Journal Autops Case Rep

Date 2019 Oct 24

PMID 31641662

Citations 1

Authors

Mehmet Yildiz

Emine Bozkurtlar

Abdulmunir Azizy

Mehmet Agirbasli

Affiliations

Soon will be listed here.

Abstract

Plasminogen activator inhibitor-1 (PAI-1) is a biomarker of thrombosis. Adipose and vascular tissues are among the major sources of PAI-1 production. Previous studies indicated that fat deposits mediate increased cardiovascular risk among obese individuals. We investigated the immunohistochemical (IHC) expression of PAI-1 in adipose and vascular tissues from the omentum and the subcutaneous tissue. The pathology samples were selected from 37 random patients who underwent elective abdominal surgery between 2008-2009. PAI-1 expression was semi-quantitatively scored and compared between the groups. Significant differences were noted in the IHC expression of PAI-1 between the omental and the subcutaneous adipose tissues (1.1 ± 0.8 versus 0.8 ± 0.6, respectively (p=0.05)). Adipose tissue displayed higher IHC expression of PAI-1 compared to vascular wall tissue in both omentum and subcutaneous sections (1.1 ± 0.8 versus 0.5 ± 0.9 (p=0.004), and 0.8 ± 0.6 versus 0.4 ± 0.6 (p=0.003), respectively). In conclusion, our study compared PAI-1 expression in the omentum versus the subcutaneous tissue and adipose versus vascular tissues.
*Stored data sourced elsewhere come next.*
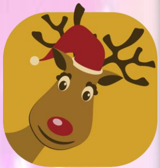
カジキ画伯のイラストコーナー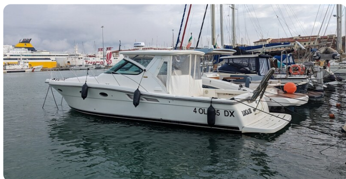
Tiara 3600 Open, profile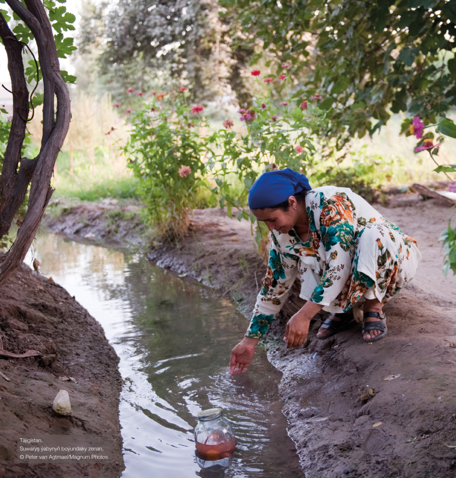
Täjigistan. Suwaryş ýabynyň boýundaky zenan.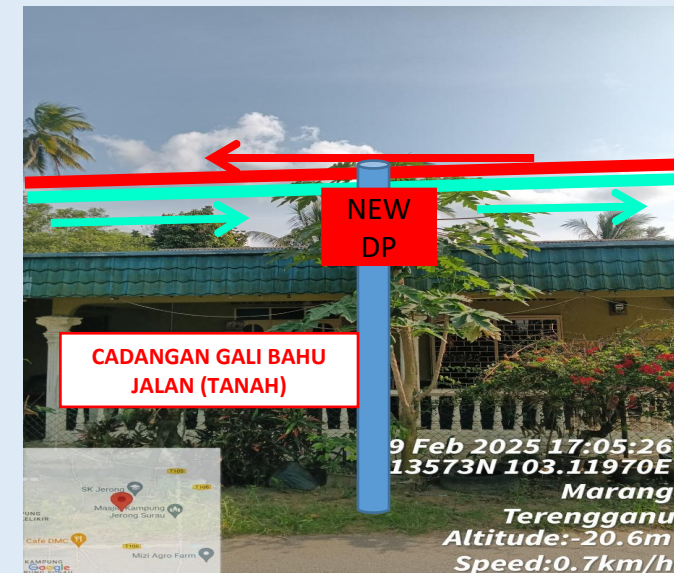
GAMBAR 12 : KAWASAN KERJA MELIBATKAN TANAM TIANG 7.5M (BERTANAH)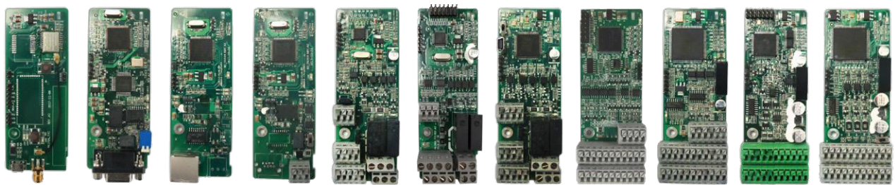
EC-TX501/502 EC-TX503 EC-TX504 EC-TX505/511 EC-TX501/502 EC-IO502 EC-PC501-00 EC-PG502 EC-TX503-05 EC-TX504-00 EC-PG505-12

این دستگاه مجهز به تکنولوژی‌های کنترلی پیشرفته و پردازنده‌های قدرتمند مخصوص درایو می‌باشد. در کنار همه اینها، با قابلیت تجهیز دستگاه به انواع کارت‌های جانبی، امکان برآوردن نیازهای مختلف مشتریان فراهم است.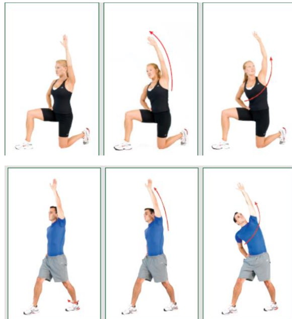
شکل ۱. نمونه ای از تمرینات کششی و انعطاف پذیری ایستا در تمرینات حرکات اصلاحی (۲۸).

و شغلی کارکنان با شیوع و شدت اختلالات، میزان استراحت و کاهش فعالیت کاری در طول یکسال و ۷ روز گذشته از آزمون وی کرامر استفاده شد. روابط بین متغیرهای میزان کاهش شیوع اختلالات اسکلتی - عضلانی در نواحی با شیوع بالاتر (متغیر کیفی اسمی به صورت داشتن یا نداشتن ناراحتی) و کل بدن (فراوانی اظهار درد در نواحی ۹ گانه بدن) در طی ۷ روز گذشته، قبل و بعد مداخله آموزشی حرکات اصلاحی به ترتیب با استفاده از آزمون های مک نمار و ویل کاکسون مورد بررسی قرار گرفت. کلیه آنالیزها با استفاده از نرم افزار spss نسخه ۲۳ انجام شد.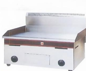
Gas Griddle (Flat Plate) Model : ET-TGG-720 W730xD585xH545mm Power:54,560BTU/hr N/W:40kg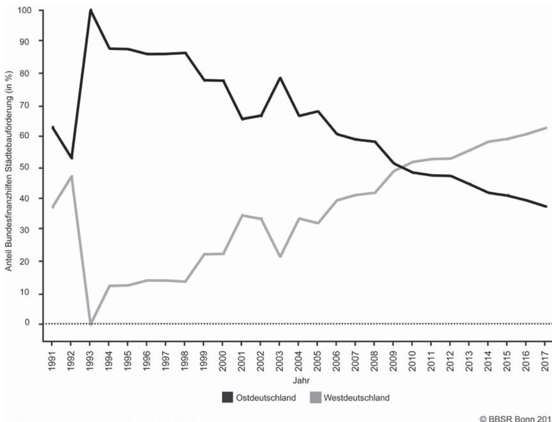
Abbildung 2: Anteil der ost- und westdeutschen Länder am Gesamtvolumen der Städtebauförderung 1991 bis 2014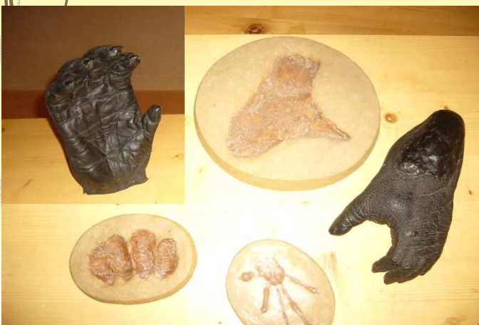
Empreintes et moulages de mains et de pieds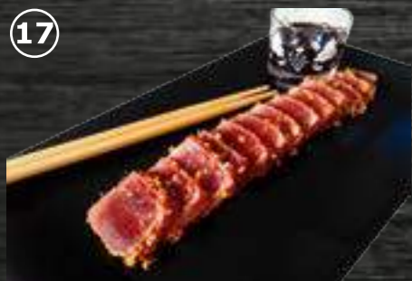
17 Atún Atún con salsa yakimiku, sésamo y sal maldon 9€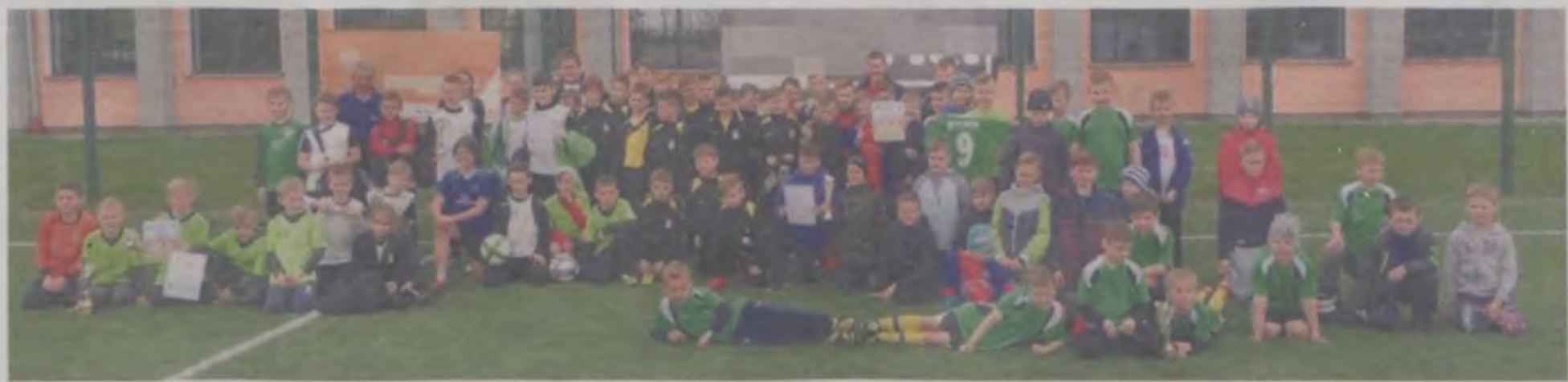
Uczestnicy turnieju Dobra Cup 2017.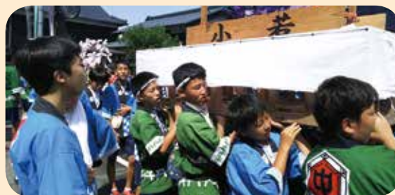
▲燈籠を担ぐ中学生とエルデネ村の子(緑法被の真ん中)

ホームステイを受け入れてくださったご家族をはじめ、栗島浦村のみなさん、ご協力いただいたみなさんに深く感謝申し上げます。

IHC expression of PAI-1 level was significantly higher in the omental adipose tissue compared to the subcutaneous adipose tissue. Adipose tissue displayed significantly higher PAI-1 expression than vascular tissue. The study elucidates the biological differences of adipose and vascular tissue from subcutaneous versus omental sections.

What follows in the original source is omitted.